T
here is a stinging in her throat that feels like swallowed tears. It opens itself in-between the quiet of their breaths, the slight pause between the inhalation and exhalation. It is true; they have never needed words between them, as she had always needed words as a barrier between herself and others. Before Amaroq answers (and how is it Boudika already knows the answer, in her heart and hearts, a truth wedged there like a blood clot waiting to kill?) the silence between them stretches, stretches, stretches. Rather than growing taunt, it simply grows. It is full of all the things she loves about the sea, and sky, and stars.
They are this, and this alone:
Skin. Salt. Air, between flesh. The restless current of all the world’s oceans, the life teeming beneath the surface. She knows that together they could dance beneath glaciers and into caverns of the deep; they would feel no fear, and their silence beneath the surface would resonate with the beauty of a whale’s song. Boudika holds the feeling; she holds the feeling back with the tears in her eyes and already the rage is eaten up by the greater other, already she is past it, a storm in the open sea.
We did not trade names. He was big, and black-faced, with horns not unlike yours.
But, sometimes, storms take unpredictable courses. Sometimes, they make land. Sometimes, they wrap doves up in their winds and waters and send them out to die over the open ocean.
She does not know how she keeps her face impassive; how she lets the silence grow into her own armour, how the surprise is not a surprise at all but instead only the blood clot rupturing.
“Let’s talk philosophy,” she had said one evening over their studies, rather wickedly. They had been young, then, and brazen in a way that experience would weather.
He flicked his eyes at her, over his parchment papers. They looked hard green in the dim light, instead of their stormy teal. “Oh?”
“If you have to die, how do you want to go?” She leaned closer, to whisper conspiratiously.
The laugh Vercingtorix gave was languid. “There’s a poet who says, ‘find what you love… and let it kill you.’”
“He… is a ghost I know.” Salt, and salt again. Her mouth feels full of it. She stings of it. But rather than dwell, she fixates:
On the smile that is nearly a smile at the edge of his mouth.
On the fact that he is alive, and Vercingtorix did not succeed.
(The fact that Vercingtorix was alive, and in Novus, and how that felt both like fear and elation and disdain packaged into one)>
It is a blessing when they shed the city block by block; when they make their way to the sea. Boudika misses the island; the sentiment overcomes her so briefly she nearly does not recognise it. The magic of it. The wildness.
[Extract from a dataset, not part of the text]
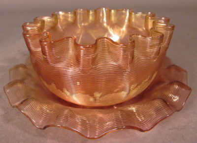 Victorian Cranberry Threaded Art Glass Ruffled Bowl & Liner D

It isn’t good to be alone.
Oh, Amaroq.
Do you know the way the words wash over her, a baptism of pain, of becoming?
No, she thinks.
It isn’t.
But--there is a certain resolve to accepting one’s fate. How many legends of exile exist, of goddesses and nymphs imprisoned to islands, caverns, cells?
How many times has she awoken to the same?
Boudika knows some are meant to be alone.
The longer she lives, the more she believes it is her due.
But, tonight, she is not. Boudika turns to face him with a sudden, hopeful brightness. Her eyes are bright as fire; the sea is a song in her ears; tonight, they are not the last of their kind. Tonight, they are not alone. “No.” Boudika agrees. “It isn’t.”
He surprises her, then, with the renewal of his promise. It sets him apart, inexplicably, from any man she has ever known before. The integrity of it awakens within her a fierce appreciation; something like love, but woven a bit truer. Boudika presses close again; her nose dips to the vulnerable alcove beneath his throat, the soft center of his chest, where when she stills she can feel his heart beat, beat, beat a beautiful rhythm.
Boudika closes her eyes. The ocean shushes. Denocte crackles behind them with fire and light and life, and other pains seem far and forgotten. “I found him.” she says. “He is not the same.”
It seems noncommittal.
Boudika adds, raising to press cheek-to-cheek. “But neither am I.”
The girl who sought and lost and ran upon the shore so long ago. No. She has grown, too, into something other. And that other stands pressed before Amaroq with wild hair and wild eyes and a vivacious thrumming beneath the surface, a thrumming of life like a song. Boudika smiles; perhaps a little shyly. She steps away from him, and away again, until she is ankle deep in the winter sea. With a lash of her tail, she splashes him with a fan of water. "Amaroq..." Boudika's expression flits coyly. "We are not alone, anymore."
this is who we were, before bones, before dirt, even before light
this untameable expanse, this blue mirror of god. this heaving,
churning proof that we have always been deep, restless souls.